L'insertion du gain MEP dans l'ordre conventionnel accentue ces difficultés. La dichotomie opérée par le droit interne se heurte aux catégories standards du modèle OCDE : si le gain MEP salaires devrait relever de l'article 15 (revenus d'emploi), imposant parfois une répartition au prorata temporis, le gain MEP plus-value appellerait l'application de l'article 13 (gains en capital), réservant généralement l'imposition à l'État de résidence du cédant. Ces asymétries portent en germe d'importants risques de double imposition, faute de mécanismes conventionnels adaptés à la nature duale du gain (V. § 34).
La mobilité des managers vers l'étranger constitue un second terrain d'incertitude. L'articulation avec l'exit tax demeure irrésolue : deux lectures s'opposent, l'une fondant l'inclusion des gains MEP dans le champ de l'exit tax, l'autre l'excluant en raison de leur nature foncièrement salariale - cette dernière paraissant plus conforme à l'économie générale du système, mais laissant ouvertes des questions essentielles sur le traitement ultérieur des gains lors de leur réalisation effective (V. § 41).
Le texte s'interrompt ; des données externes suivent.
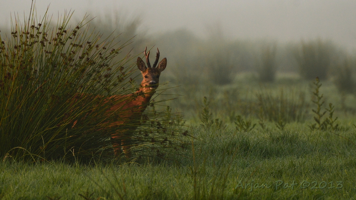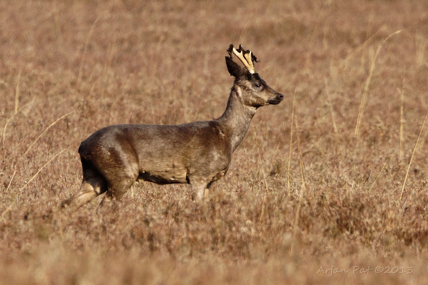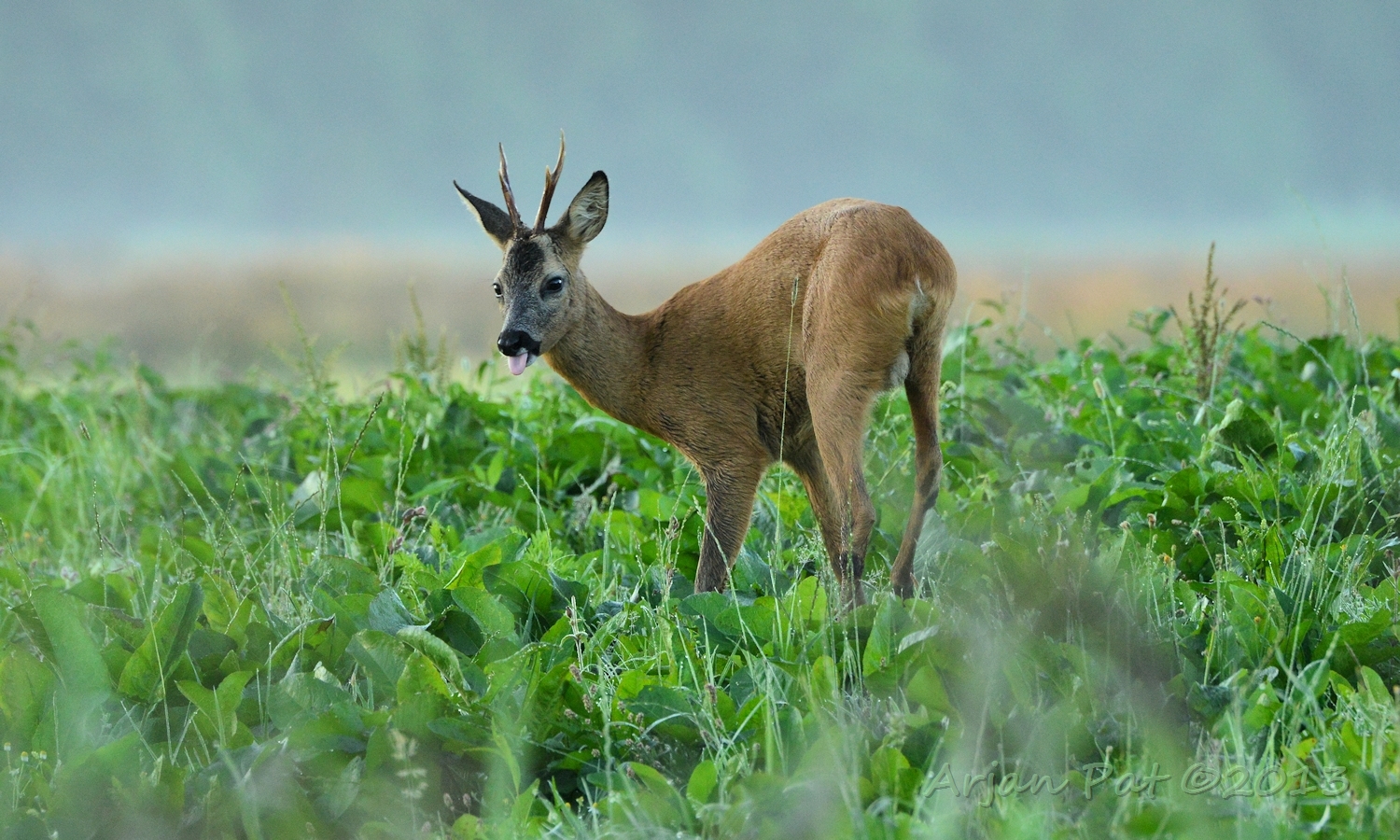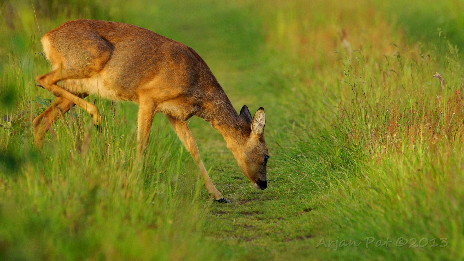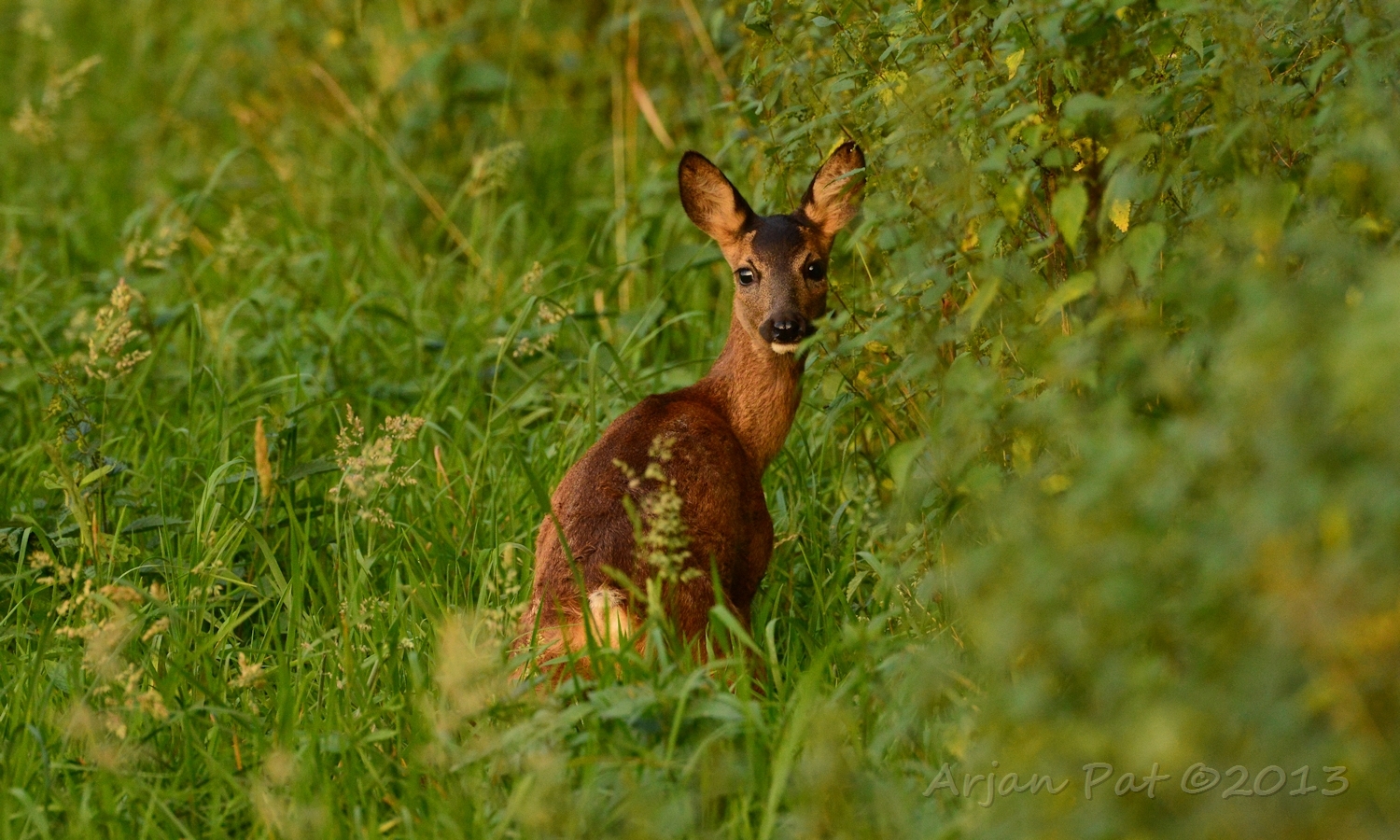 Net over het hoge grasgewas was een grazende reebok te zien....

Seule une clarification légale, assimilant le départ de France à une disposition théorique des titres et cristallisant l'assiette imposable tout en reportant le fait générateur, permettrait de résoudre ces impasses - même si de nombreux angles morts subsisteraient dans un tel système (V. § 63). L'articulation avec le régime de l'expatriation soulève quant à elle des interrogations non résolues, notamment sur la prise en compte du gain MEP salaires dans le calcul du plafond de l'exonération partielle - question d'autant plus aiguë que la doctrine administrative retient une définition de la rémunération plus restrictive en matière d'impatriation qu'en matière d'expatriation (V. § 69).
L'installation en France de managers étrangers soulève enfin la question du cumul avec le régime des impatriés. La difficulté centrale tient à la confrontation entre la nature hybride du gain MEP et la logique catégorielle du régime. Pour le gain MEP salaires, la doctrine administrative exclut de la notion de rémunération servant de base aux exonérations les sommes issues de certains dispositifs d'intéressement - une exclusion dont les fondements législatifs apparaissent incertains au regard des travaux parlementaires, et qui pourrait priver les impatriés d'un cumul potentiellement avantageux avec la prime d'impatriation et la prime d'expatriation (V. § 80 et 93). Pour le gain MEP plus-value afférent à des titres étrangers, la question du cumul avec l'exonération à hauteur de 50 % des revenus passifs étrangers reste elle aussi en suspens, deux interprétations textuelles pouvant être défendues (V. § 89).
Au terme de cette analyse, un constat s'impose : le nouveau régime, conçu pour le territoire national, se révèle insuffisamment armé pour affronter les complexités de la mobilité internationale. Entre lacunes normatives, risques de double imposition et incertitudes doctrinales, seules des interventions conjuguées du législateur et de l'administration fiscale permettront de conférer au dispositif la sécurité juridique qu'exige la réalité économique contemporaine.